Diretor: John Krasinski

Elenco: John Krasinski, Emily Blunt, MIlicent Simmons, Noah Jupe

Data de estreia:
5 de Abril de 2018

Direto do festival SXSW, onde diversos filmes são exibidos com o intuíto de serem adquiridos por distribuidoras para grandes lançamentos, a mais nova “febre” ficou por conta do filme dirigido e protagonizado por John KrazinskiUm Lugar Silencioso. Com uma premissa intrigante dentro do gênero de terror, o filme ganhou notabilidade e diversos elogios da crítica internacional. Outro atrativo, Emily Blunt, casada com Krazinski na vida real, também faz o papel de sua esposa no filme.

Com uma proposta facil de se vender, Um Lugar Silencioso procura trabalhar o típico “silêncio” suspensivo de filmes de terror com mais afinco do que normalmente se vê dentro do gênero, onde normalmente é usado apenas como recurso pontual para a preparação de “jump scares” ( ato de quebrar abruptamente este silêncio, gerando sustos na platéia ).

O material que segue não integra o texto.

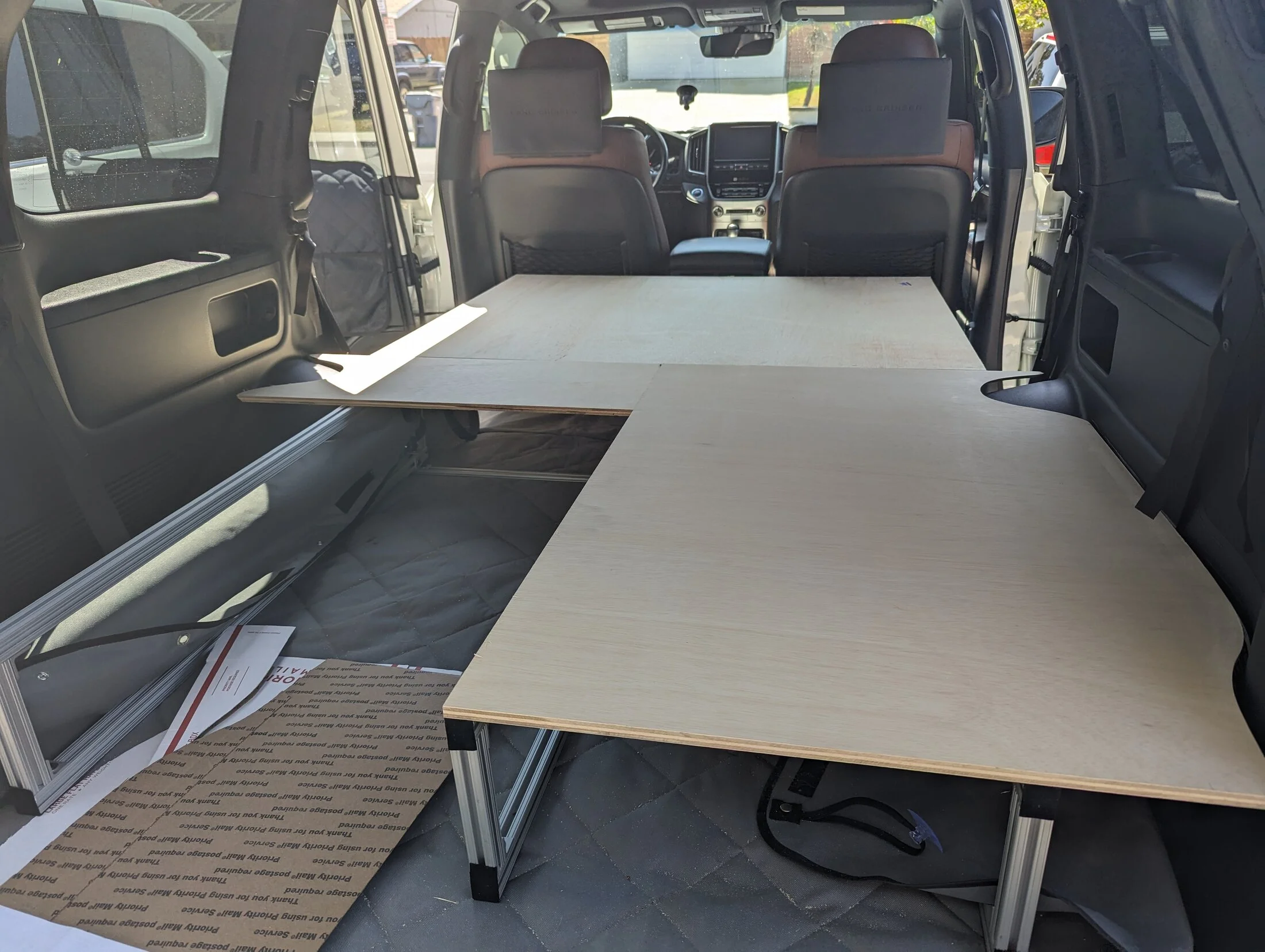 8020.net has everything but is expensive. Tnutz.com has better pricing and I didn't have any issues with shipping and such. The only piece tnutz didn't have was the flat used to anchor system to truck using existing screw holes (pic). I used the 10 series which is a 1"x1" square. Wood is .5" birch with overall height of 12" which means it just about lays flat with seat back when that seat is folded down. I removed 60 section for additional storage and sleeping platform.

A primeira metade do filme traz alguns usos interessantes desta dinâmica, onde os personagens precisam se comunicar por linguagem de sinais e marcar seus trajetos, tentando evitar ao máximo qualquer som que possa atrair a atenção de criaturas velozes e impiedosas. Logo no primeiro ato (de maneira muito eficiente, por sinal), o espectador é posto à par desta dinâmica, além de sermos introduzidos aos papéis que cada personagem desempenha neste cenário.

Somos então, apresentados às rotinas destes personagens e suas principais dificuldades para sobreviver neste mundo pós-apocalíptico, cuja construção é feita através de recortes de jornais, sem muito aprofundamento. Ciente da história que quer contar, o filme se concentra em momentos específicos da trajetória da família, buscando uma sutileza na narrativa que as vezes serve às contextualizações necessárias para o crescimento dos personagens, e outras vezes deixa a desejar.

Percebe-se então, um potencial interessante para refletir sobre este modo de vida silencioso dos personagens, seja esta uma reflexão metafórica, ou não. Mas uma vez passadas todas as exposições, a segunda metade do filme procura capitalizar em cima da tensão construída, as vezes com exagero, deixando-o muito mais próximo de outras obras mais comerciais do gênero.

Uma vez que a ação começa a surgir com mais frequência, Um Lugar Silencioso se aproveita de diversas convenções e progressões típicas de filmes de terror, que ofuscam a premissa original. Soluções pouco acreditáveis, conveniências narrativas e imagens de impacto gratuitas vão se tornando cada vez mais frequentes, sacrificando o engajamento natural que vinha sido conquistado até então e, consquentemente, diminuindo o valor emocional pretendido para as cenas finais.

O trabalho sonoro do filme, evidentemente destacado graças à proposta, é competente e guia muito bem o foco do espectador por entre as cenas mais lentas. Na fotografia, volto à citar a sutilieza que, na maior parte do primeiro e segundo ato, também faz um bom trabalho ao destacar o ambiente e os pontos de interesse da trama.

Um Lugar Silencioso é uma boa adição ao gênero de filmes de terror. Um gênero conhecido por suas inovações, mas atualmente carente destas. Deve agradar aos fãs mais aficionados e também ao público geral sem muita dificuldade, mas fica evidente o potencial que o filme tinha para que sua execução fosse tão memorável quanto à sua proposta, caso não tivesse se rendido às expectativas do espectador.